# North Georgia Open house in Cleveland



## Enchant18 (Feb 21, 2012)

Citizens Emergency Response Network is having an open house to introduce the group to the Cleveland area and surrounding communities. Web page is 
Northgacern.org for anyone in the area interested.


----------



## CrackbottomLouis (May 20, 2012)

Are you a part of this group? Sounds interesting. I won't be around on the 14th but I'll try and hit the next one.


----------



## Enchant18 (Feb 21, 2012)

Yes I am. Most of the members are CERT certified. We hold classes on everything from land navigation to food storage. This fall we are holding a first responder class. I've learned a lot since I've joined.


----------



## CrackbottomLouis (May 20, 2012)

Nice. Not in ga much anymore due to work but I'll see if I can hit up a meeting sometime when I swing through.


----------



## Enchant18 (Feb 21, 2012)

That would be great


----------



## Dixie (Sep 20, 2010)

I was told by someone there, that they have a plan when the SHTF. If you don't own land there or know someone, don't think you will get through 129. Music to my ears! 
I may not be able to go, but I'll see if my brother will. Love that town.


----------



## Enchant18 (Feb 21, 2012)

It's a good group of people and the opportunities for learning are great.


----------



## Enchant18 (Feb 21, 2012)

The open house is on the 16th from 10-3


----------



## Dixie (Sep 20, 2010)

At the Western Sizzlin'?


----------



## Enchant18 (Feb 21, 2012)

250 E. Jarrard street. It's a couple of blocks off the square. If you make it stop by the table with the food storage info and say hi!
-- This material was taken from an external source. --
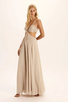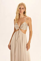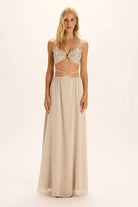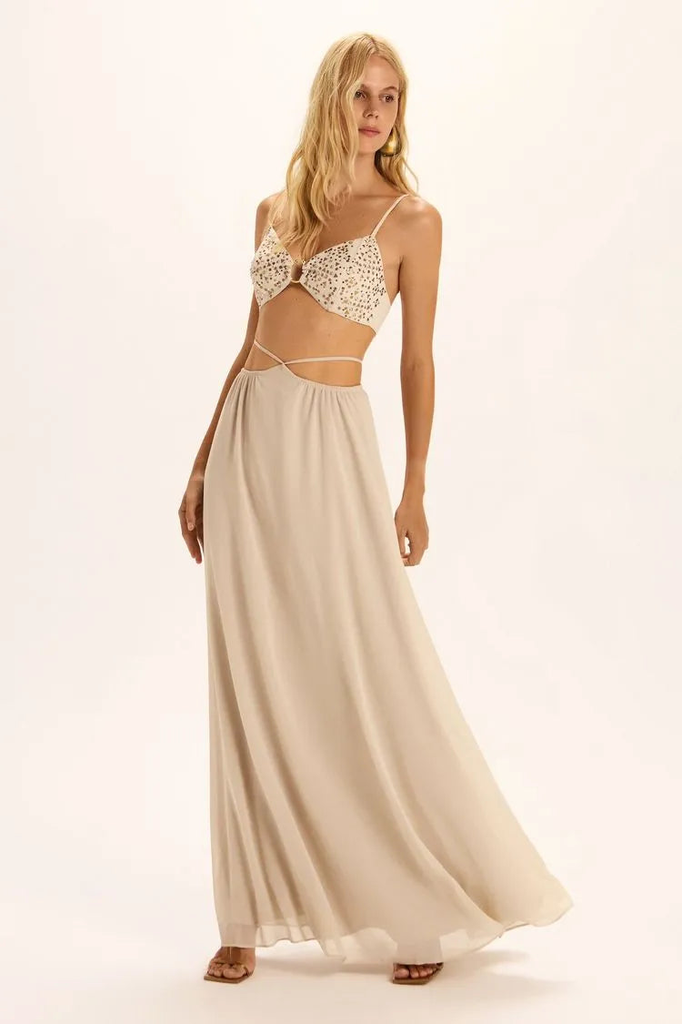 Vestido 2 em 1 que permite múltiplas composições. A proposta completa traz a saia longa fluida, com tecido duplo e movimento leve, unida ao top por uma tira de amarração delicada. O top recebe aplicação de Hot Fix com desenho exclusivo, combinando cristais e chapinhas de metal em um mix refinado que traz brilho na medida.Versatilidade elevada ao glam.

Sent from my iPad using Survival Forum


----------



## TimB (Nov 11, 2008)

Haven't been on in a while and I missed this.  I'll try to check in more often and catch one.


----------



## Dixie (Sep 20, 2010)

I meant to message you Tim, but step father had a stroke and I never got back to the forum. 
Wish the meeting had been at the end of the month, I would have been up there.


----------



## Enchant18 (Feb 21, 2012)

We have a meeting every month and classes will pick up again now that kids are back in school.


----------



## shanef07 (Nov 22, 2014)

I'm from Lafayette GA anyone close?


----------



## shanef07 (Nov 22, 2014)

New pic checking


----------